Available data START
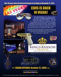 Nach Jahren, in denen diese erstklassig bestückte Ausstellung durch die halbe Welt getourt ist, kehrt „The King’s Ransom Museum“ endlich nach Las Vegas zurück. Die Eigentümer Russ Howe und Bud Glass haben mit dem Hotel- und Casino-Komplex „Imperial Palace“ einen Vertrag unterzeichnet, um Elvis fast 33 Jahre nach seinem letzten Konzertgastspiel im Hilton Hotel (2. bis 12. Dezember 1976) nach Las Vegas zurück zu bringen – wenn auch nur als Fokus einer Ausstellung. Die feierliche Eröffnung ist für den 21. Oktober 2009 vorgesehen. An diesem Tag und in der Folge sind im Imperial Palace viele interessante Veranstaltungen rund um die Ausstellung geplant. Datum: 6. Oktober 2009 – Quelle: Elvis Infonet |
Available data END
Available data START
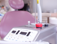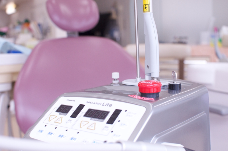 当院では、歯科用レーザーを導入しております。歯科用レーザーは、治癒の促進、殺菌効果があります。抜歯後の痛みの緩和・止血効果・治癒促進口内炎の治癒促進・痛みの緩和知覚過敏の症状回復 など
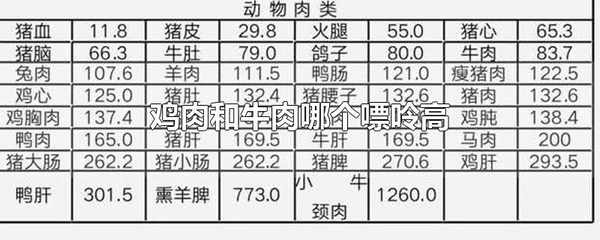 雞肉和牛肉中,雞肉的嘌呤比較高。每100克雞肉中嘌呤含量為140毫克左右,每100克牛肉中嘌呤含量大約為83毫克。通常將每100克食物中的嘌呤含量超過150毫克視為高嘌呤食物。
Available data END
Exercise brief>
Look above for the line with "当院では、歯科用レーザーを導" and the line with "雞肉和牛肉中,雞肉的嘌呤比較", then copy them and all lines in between exactly as written, and only those, without any pictures.

Answer area>
 当院では、歯科用レーザーを導入しております。歯科用レーザーは、治癒の促進、殺菌効果があります。抜歯後の痛みの緩和・止血効果・治癒促進口内炎の治癒促進・痛みの緩和知覚過敏の症状回復 など
 雞肉和牛肉中,雞肉的嘌呤比較高。每100克雞肉中嘌呤含量為140毫克左右,每100克牛肉中嘌呤含量大約為83毫克。通常將每100克食物中的嘌呤含量超過150毫克視為高嘌呤食物。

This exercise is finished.